La incertidumbre que vive Sumar tras la dimisión de Yolanda Díaz por los malos resultados en las elecciones europeas es un nuevo episodio de las dificultades de este espacio político para integrar a los diferentes y rentabilizar sus éxitos de gestión en el Gobierno

Desde la izquierda, la cabeza de lista de Sumar a las elecciones europeas, Estrella Galán, el primer teniente de alcalde de Alcorcón, Jesús Santos, y la vicepresidenta Yolanda Díaz, en un acto de campaña, el 3 de junio en Alcorcón (Madrid).
Desde la izquierda, la cabeza de lista de Sumar a las elecciones europeas, Estrella Galán, el primer teniente de alcalde de Alcorcón, Jesús Santos, y la vicepresidenta Yolanda Díaz, en un acto de campaña, el 3 de junio en Alcorcón (Madrid).A. Pérez Meca (Europa Press)

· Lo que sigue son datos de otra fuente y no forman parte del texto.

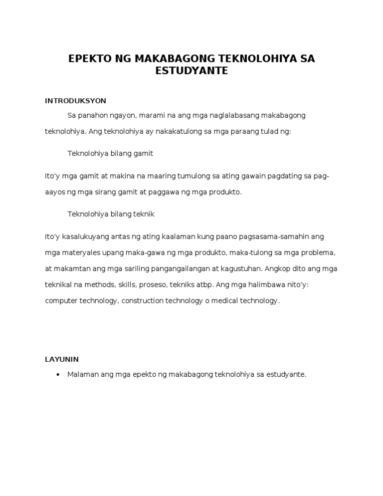 EPEKTO NG TEKNOLOHIYA SA PAG-AARAL NG MGA MAG-AARAL Isang reserts report na iniharap sa mga dalubguro bilang pangangailangan para sa asignaturang Fil109 ni DONALD COGO KOLEHIYO NG SKSU KALAMANSIG SULTAN KUDARAT ENERO 10 2014 KABANATA 1 PANIMULA Tungkulin ng mga kabataan ang mag-aral kapag ang mga kabataan ay napapagud na sa. Maraming naniniwala na ang teknolohiya ay may masamang epekto sa ating lipunan pero marami rin ang pabor sa pag-unlad ng teknolohiya dahil ito ay nagbibigay ng magandang dulot sa pamumuhay ng mga Pilipino. 2832020 Mga Positibong Epekto ng Teknolohiya.
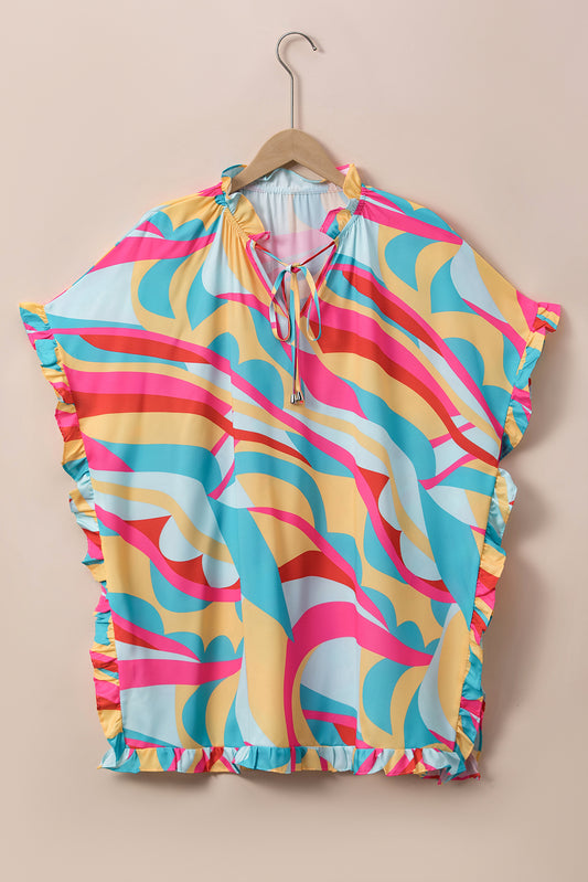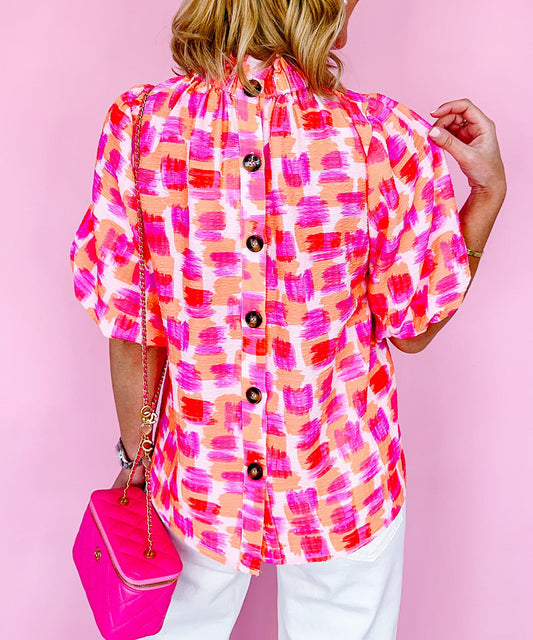 Abstract Print Button Back Ruffed High Neck Blouse

La renuncia de Yolanda Díaz a su cargo como coordinadora general de Sumar, tras los pobres resultados obtenidos en las últimas citas electorales, ha abierto una profunda crisis en la coalición y siembra dudas sobre el futuro de la izquierda alternativa, de la que también forma parte Podemos. Como suele suceder con los miembros minoritarios de una coalición de Gobierno, la formación no ha sido capaz de rentabilizar electoralmente los éxitos de su gestión en el Ejecutivo presidido por Pedro Sánchez.

Daniel Bernabé, ensayista experto en ese espacio político, y Pablo Batalla, historiador y periodista, analizan las causas que han llevado a Sumar hasta este punto y repasan los retos que afronta la coalición.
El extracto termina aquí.